In reply to henwardian:
> Never seen those timber connector things before. They look like a great idea though, I will definitely add them to the middle of joints. Would just use a normal washer on the outside of joints though because the teeth wouldn't do anything when only bedded into wood on one face.
Single teeth outside and double teeth between the timbers for maximum strength joint. It spreads the load over a greater area of timber rather than just a bolt though the hole.
> In reply to Howardw1968:
> I didn't actually look at the moon board when making this but I just had a wee look and it is pretty similar.
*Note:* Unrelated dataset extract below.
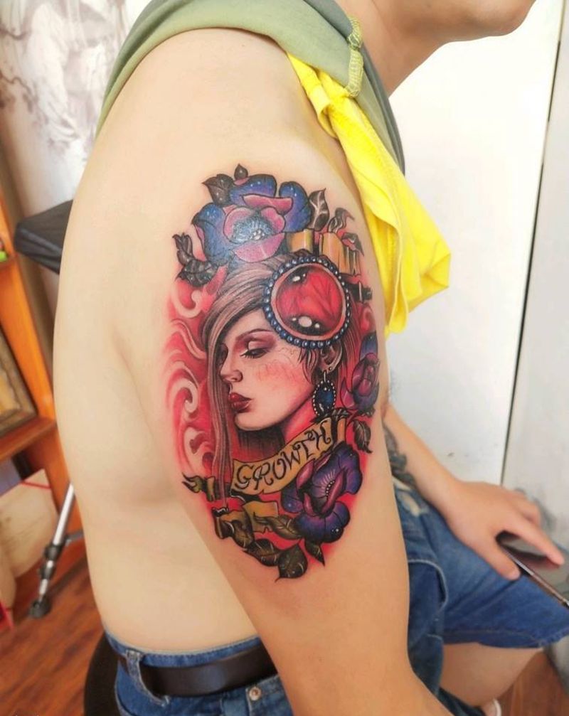 当前位置: 首页 >云南省昆明市纹身店-昆明 纹人墨刻刺青纹身图案>女郎纹身图片_手臂New School彩色纹身图案

> The difference is that my boards will be 20 and 10 degrees which is a lot less steep than most serious training boards. The boards at the wall I used to go to at that angle did not have kickboards (they only had kickboards on the 30 and 45 degree walls) and sit starts worked fine like that.
Go steep. Have a section that lowers down on chains. You can always fix it permanently up at 10 deg if you really don't like it.
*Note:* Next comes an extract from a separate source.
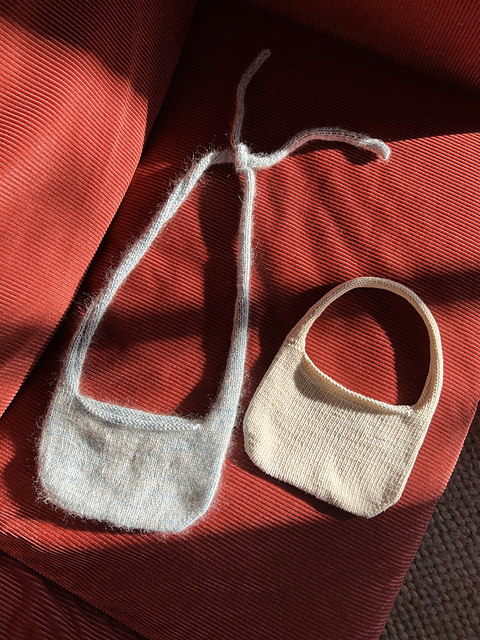 The Book Bag is a charming little beginner-friendly knit for carrying your favourite reads and other everyday essentials. It is worked in stockinette stitch and comes in a shoulder bag and a crossbody tied straps version.

> It might not be clear from the diagram but my plan is to use the constriction of the room to support the structure. The top beams will be cut to exactly the right length to fit quite tightly between the two side walls and the left hand supporting struts will be snug against the wall on the left. In this situation, there isn't even really a support needed on the right side because the structure can't fall down without knocking the walls down. The single strip fixed to the wall on the right was something I added because without it, weight near the right end of the top beams would be magnified by a nasty leverage effect and I didn't want that to be a possibility. On the left side, the vertical beams will mean that this cannot happen so I didn't think it needed to be attached to the wall.
It may not fall down but you need to allow for timber shrinkage and other movement.
Fix the timbers top right and bottom left of your diagram. Do not fit the horizontal timbers tightly across.
The most important fixings are into the right hand wall. Fix this wall plate first.
Use it more than I use my board, Rick, over forty years in civil engineering and building.